In March 2001, Cable and Wireless sold its 52.5 percent stake in Cable and Wireless Optus, which was the second-largest telecom company in Australia, to SingTel; the deal was said to be the second largest corporate deal in Australian history. In November 2001, Cable and Wireless acquired the bankrupt co-location provider Exodus Communications in exchange for US$800 million, and Exodus' operations were then merged with the previously acquired Digital Island and renamed Cable and Wireless America. Also that year, Cable & Wireless bought Digital Island for $340 million and merged the two companies' global networks to create a larger IP backbone.
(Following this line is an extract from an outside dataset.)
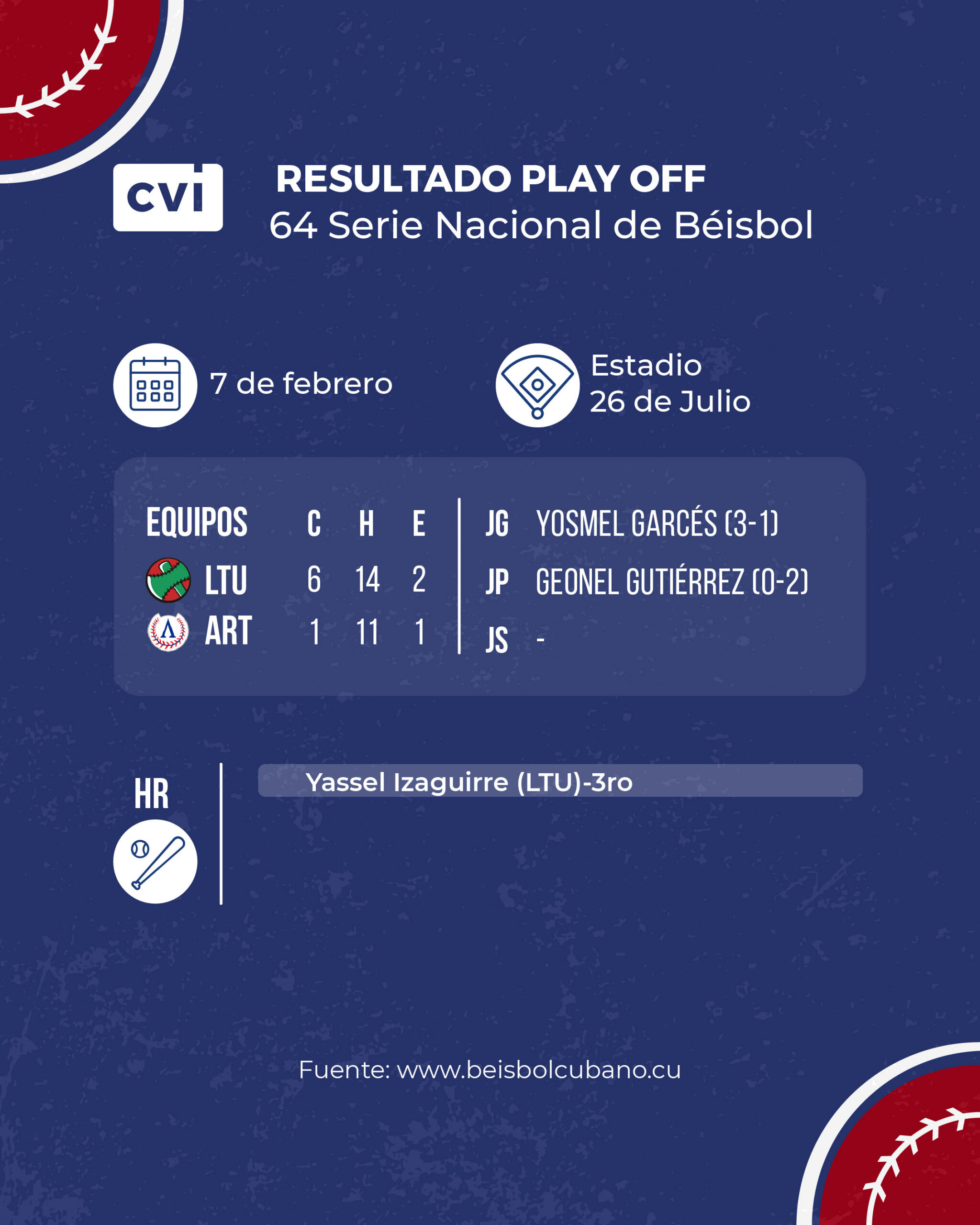 Artemisa, por su parte, dejó varios corredores en posición anotadora y su ofensiva no logró aprovechar las oportunidades para sumar al marcador y apoyar a su pitcheo, encabezado en esta ocasión por su abridor Geonel Gutiérrez, quien permitió cuatro anotaciones y cargó con la derrota.

In May 2002, Cable and Wireless purchased Guernsey Telecoms from the States of Guernsey. Later in 2002, Cable & Wireless announced its withdrawal from the US corporate market, with operations being sold to Primus Telecom. In December of that year, legal action broke out over between Cable & Wireless and a group of investors over claims that the firm had issued false and misleading statements which had led to investors facing heavy losses.

In March 2004, SAVVIS Communications Corporation purchased Cable and Wireless America for US$155 million via the Chapter 11 creditor protection process, assuming liabilities of around US$12.5 million and assets including the former MCI IP backbone AS3561. Cable & Wireless acquired Energis in exchange for £674 million in August 2005, resulting in a reverse takeover in terms of senior management, with John Pluthero appointed from Energis to head the UK business and Francesco Caio departing by April 2006. Cable & Wireless cancelled its American depositary receipts programme in December 2005, voluntarily delisting from the New York Stock Exchange.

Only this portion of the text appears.